Went down the park today and these are some of the photo's I got, not the best but I'm still learning

1. Not sure what bird this is









2. This little feller loved having his photo taken! Not camera shy at all









3. Same Robin as above









4. Another not sure what bird...









5. I liked this picture a lot for some reason










6. Not part of the photos (I will be using the others in my photography assignment) but this is a Heron I really want to photograph but my camera was set to JPEG rather than Raw (oops) and its always too far away, hopefully getting a teleconverter soon!


----------



## Shellsfeathers&fur (Jan 18, 2009)

No 1 is a Great Tit and No 4 is a Long Tailed Tit.


----------



## AnnB (Jun 7, 2009)

It's amazing how good the local park can be for wildlife sometimes.

Your bird number 1. is a Great Tit and bird 4. is a Long-tailed Tit.


----------



## hadgo (Jan 1, 2009)

AnnB said:


> It's amazing how good the local park can be for wildlife sometimes.
> 
> Your bird number 1. is a Great Tit and bird 4. is a Long-tailed Tit.

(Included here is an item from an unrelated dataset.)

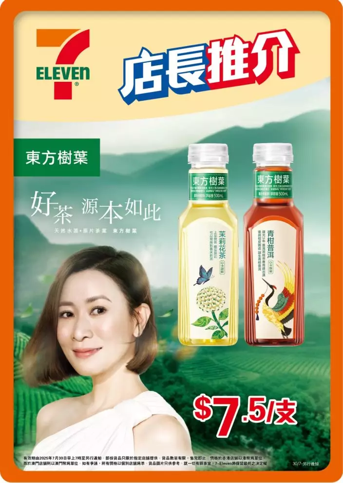 東方樹葉一直堅持提供「0糖、0卡、0脂、0添加香精、0添加防腐劑」的優質無糖茶,深受追求健康生活的消費者喜愛,最近更邀得視后佘詩曼擔任品牌代言人,以其對演技的極致追求,完美詮釋東方樹葉對品質的堅持,令坊間掀起東方樹葉搶購潮,在便利店更是「一茶難求」!為答謝廣大市民支持,東方樹葉於即日起至8月26日推出限定優惠,在7-Eleven便利店推出「店長推介」,以每支$7.5的震撼價,超值發售視后私心推介的茉莉花茶及青柑普洱茶,為炎夏降溫,清爽解膩!

It was a wildlife park/woods but all these pictures were taken on the road into the park, including the heron which is in the pond next to the cafe.


----------



## waterdragon555 (Nov 27, 2010)

:no1:Nice picture of the birds.I love the heron


----------



## waterdragon555 (Nov 27, 2010)

1.great tit 
2.robin as you know
3.long tailed tit 
4.hering gull
5.heron p.s brill picture


----------



## Bruceyyy (May 9, 2010)

waterdragon555 said:


> 1.great tit
> 2.robin as you know
> 3.long tailed tit
> 4.hering gull
> 5.heron p.s brill picture


Number 4 is a black headed gull!
note the small narrow bill.
also note the dark smudge behind the eye - it is in winter plumage and that smudge is all that remains of the dark head feathers it has in summer!


----------



## JessAndDrew (Sep 6, 2011)

all of your photos are lovely


----------